Creation of S-box based on a hierarchy of Julia sets: image encryption approach

Abstract

The newly introduced family of complex chaotic maps has different behavior concerning the well-known complex chaotic maps. These complex maps have excellent properties such as invariant measures and fractal features. The present study introduces a new algorithm that, as a standard format, can be used in cyberspace. To achieve a low automatic correlation, S-box is constructed based on a complex map. Then, an image encryption algorithm based on a designated S-box is proposed. The complex and ergodic nature of the introduced hierarchy proposed the large and safe Keyspace for encryption.

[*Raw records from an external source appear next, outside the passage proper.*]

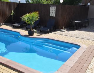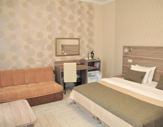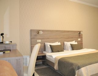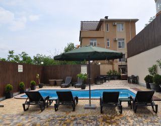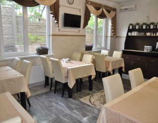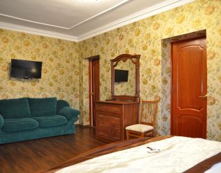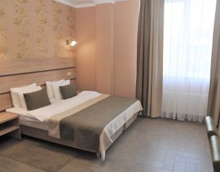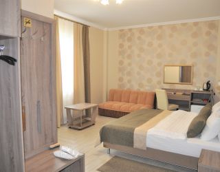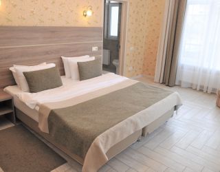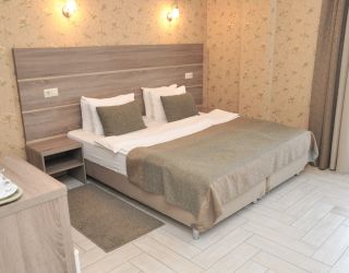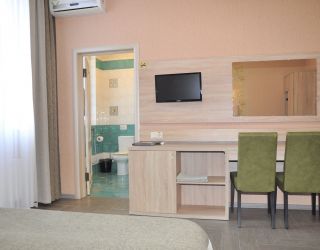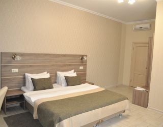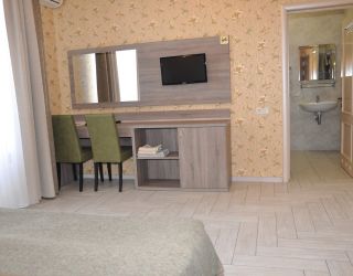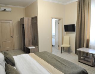 В четырехэтажном здании отеля – всего 14 двухместных номеров, но уровень сервиса не оставит гостей равнодушными. В заботе об отдыхающих номера укомплектованы эргономичной мебелью, на кроватях – латексные ортопедические матрасы, на окнах – блокирующие свет шторы «блэкаут». В номерах есть кондиционер и холодильник, телевизор и сейф, а ванные комнаты с душем и круглосуточно подаваемой горячей водой оборудованы феном. В холодный период включается отопление. На всех площадках доступен интернет (wi-fi). К услугам гостей – сауна и дубовая купель, электрочайник и пляжное полотенце, прачечная самообслуживания и бесплатный прокат утюга, охраняемая автостоянка и банкомат.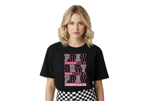 Pray On It Black Checkered Graphic Tshirt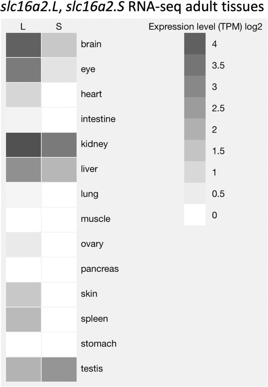 Fig. 2. Expression and tissue distribution of slc16a2.L and slc16a2.S. The expression levels of slc16a2.L and slc16a2.S among adult tissues of X. laevis are represented by shades of gray that indicate log2 of total counts per million (TCM) from RNA-seq data. This figure was obtained using the data visualization tool on XenBase (Karimi et al., 2018).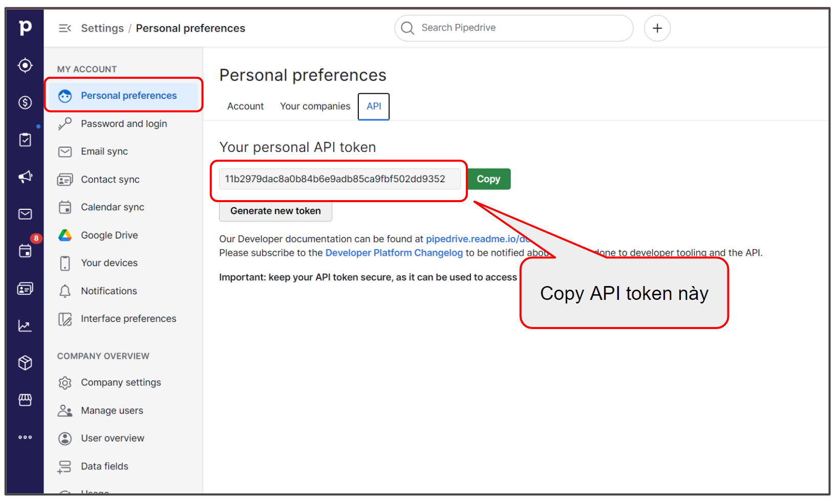 - Chọn phần Người Dùng -> chọn tab Settings -> chọn tab Personal Preferences -> chọn tab API và copy phần token đó.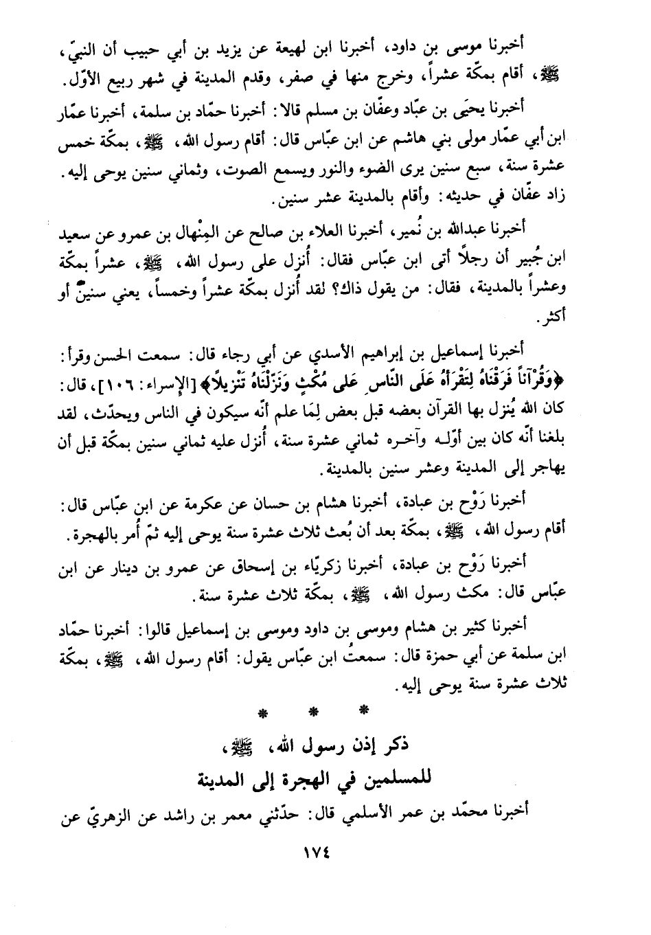 أَقَامَ رَسُولَ اللَّهِ - صَلَّى اللَّهُ عَلَيْهِ وَسَلَّمَ - بِمَكَّةَ بَعْدَ أَنْ بُعِثَ ثَلاثَ عَشْرَةَ سَنَةً يُوحَى إِلَيْهِ ثُمَّ أُمِرَ بِالْهِجْرَةِ.
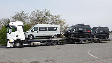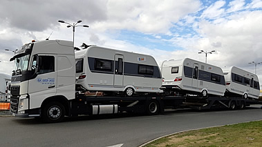 Qu’il s’agisse de caravanes, de camping‐cars partiellement ou totalement intégrés, nos camions remorques plateau transportent des véhicules de Loisirs de manière fiable et entièrement assurée vers leur destination dans toute l’Europe depuis plusieurs décennies.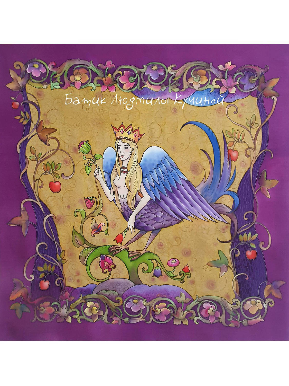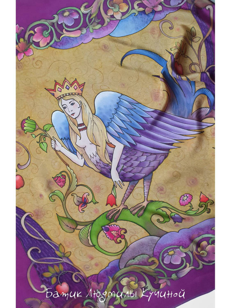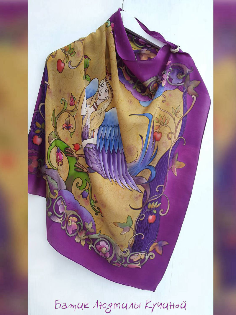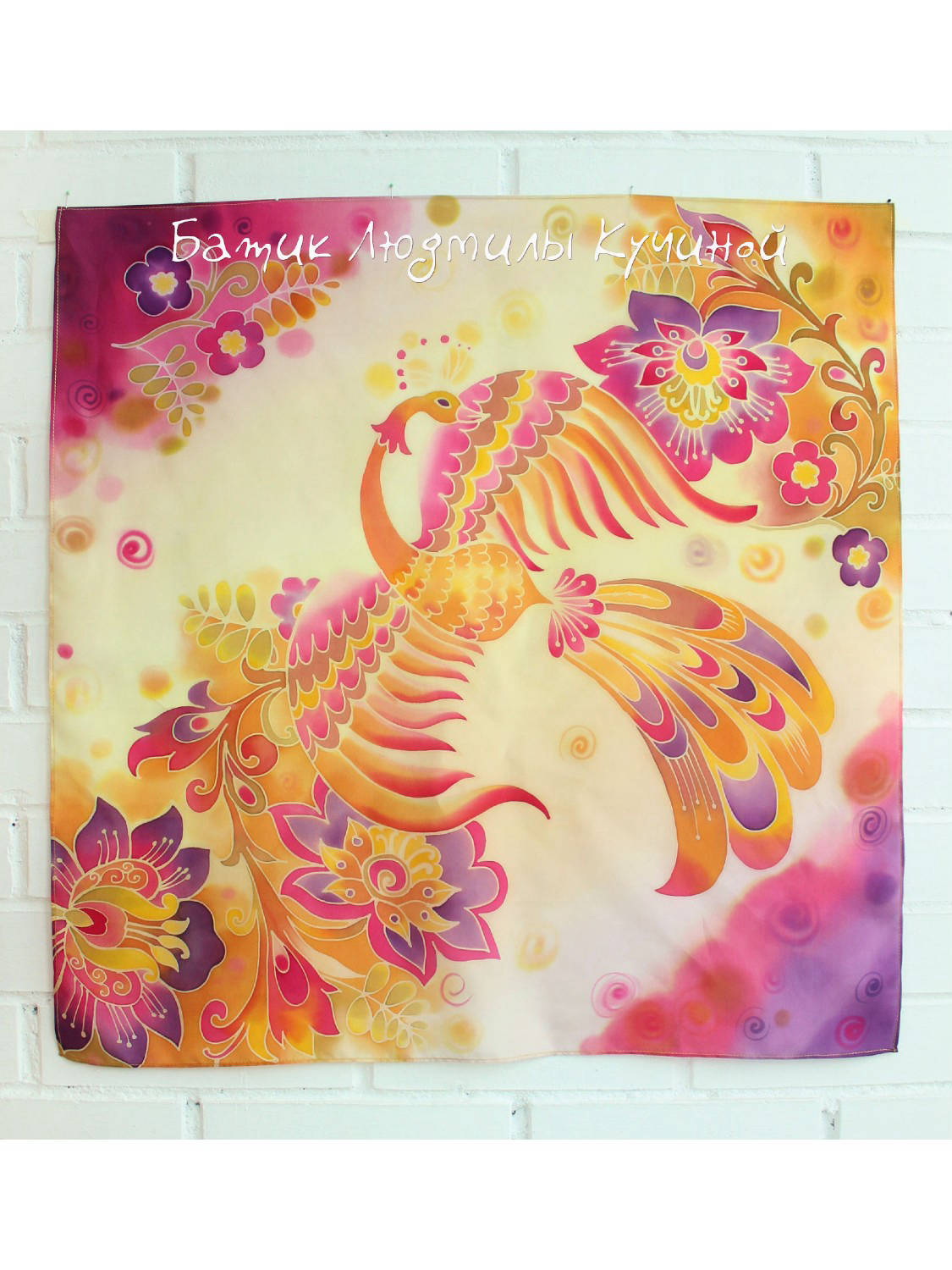 Батик платок "Сказочная птица" ок 78Х78 см, натуральный шелк крепдешин.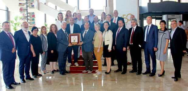 TÜROFED Başkan Yardımcısı ve ETİK Başkanı Mehmet İşler, İzmir Büyükşehir Belediye Başkanı Tunç Soyer’e Egeli turizmcilerin istek, görüş ve önerilerini aktardı. İşler, turizm sektörüne katkıları ve yaklaşımı nedeniyle Soyer’e teşekkür ederek ebru sanatı uygulanmış doğaltaşla oluşturulan bir plaket sundu.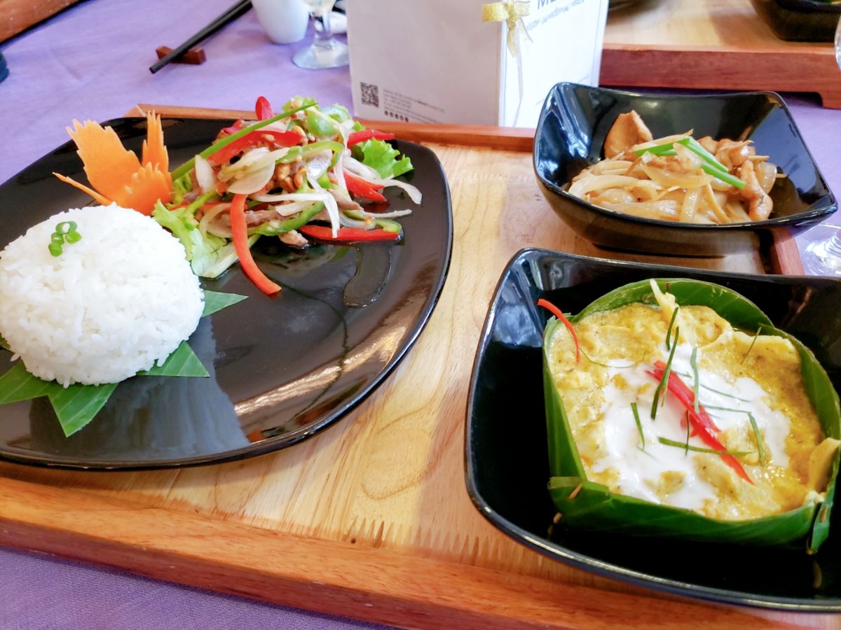 ビュッフェスタイルの夜ご飯は、肉、魚、ケーキなど種類が多く、どれもとても美味しかったです。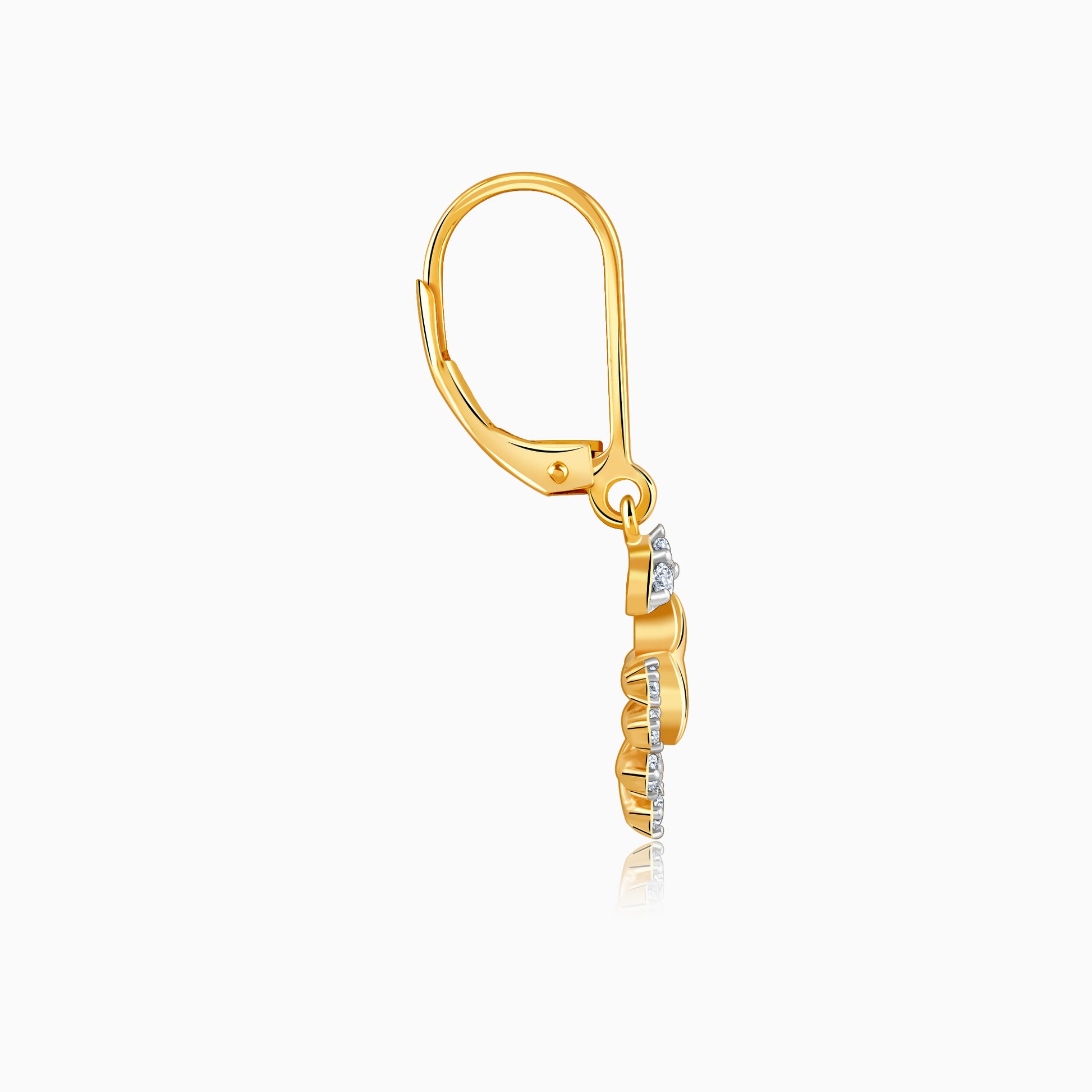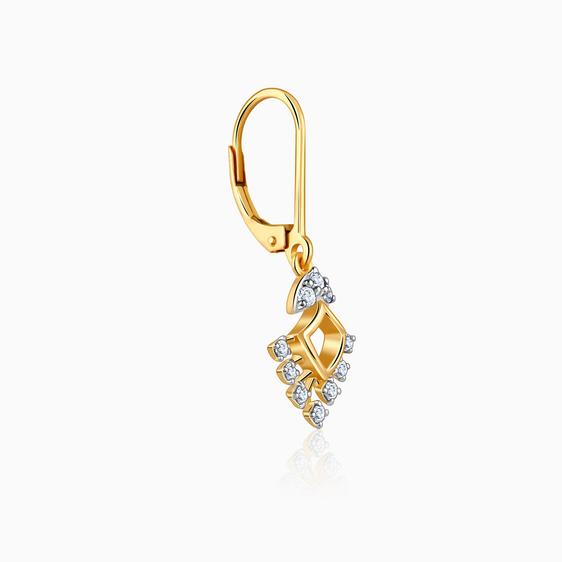 These pure gold earrings feature a fan-shaped arrangement with a central frame designed as a key, studded with lab-grown diamonds.

Theoretical and experimental results have indicated that the proposed algorithm is high sensitivity to key, and robust to attacks.

Schwarzian derivative

Study the critical points of introduced complex chaotic maps clarify that, \({\varPhi }_{N}(z,c)\) have \((N-1)\) critical points in its interval. By choosing the odd (even numbers), N, both \(z=0\) and \(z=1\) belong to one of the n-cycles (only \(z=1\) belong to one of the n-cycles of \({\varPhi }_{N}(z,c)\)). The Schwarzian derivative function \({\varPhi }_{N}(z,c)\) at point \({\mathbf{z}}\) in direction \(\lambda \) is given by:

$$\begin{aligned} \left[ {\varPhi }_N(z);\;z\right] _{\lambda }=D_{\lambda }^{3}{\varPhi }_N(z)\left( D_{\lambda }{\varPhi }_N(z)\right) ^{-1} -\frac{3}{2}\left( D^{2}_{\lambda }{\varPhi }_N(z)(D_{\lambda }{\varPhi }_N(z))^{-1}\right) ^2, \end{aligned}$$

Since \(D_{\lambda }(T_N\left( \sqrt{\frac{2+z}{4}}\right) ^{2})\) can be written as:

$$\begin{aligned} D_{\lambda }\left( T_N\left( \sqrt{\frac{2-z}{4}}\right) ^{2}\right) =A\prod ^{N-1}_{i=1}(z-z_i), \end{aligned}$$

with \(0\le {z_1}<{z_2}<{z_3}<\cdots <z_{N-1}\le {1}\), then we have:

$$\begin{aligned} \left[ {\varPhi }_N(z);\; z\right] _{\lambda }=\frac{-1}{2}\sum ^{N-1}_{J=1}\frac{1}{(z-z_j)^2}-\left( \sum ^{N-1}_{J=1}\frac{1}{(z-z_j)}\right) ^2<{0}. \end{aligned}$$

It means the map has an \(N+1\) attracting periodic orbits (Devaney 2008). The new introduced family of complex chaotic maps have a different behavior respect to the well known complex chaotic maps (Isa et al. 2016). We study the behavior of the composition of map (\({\varPhi }^{(n)}\)) by taking the derivative of it, concerning its possible n periodic points of an n-cycle (\(z_{2}={\varPhi }(z_{1},c,z_{3}={\varPhi }(z_{2},c),\ldots , z_{1}={\varPhi }(z_{n},c)\)).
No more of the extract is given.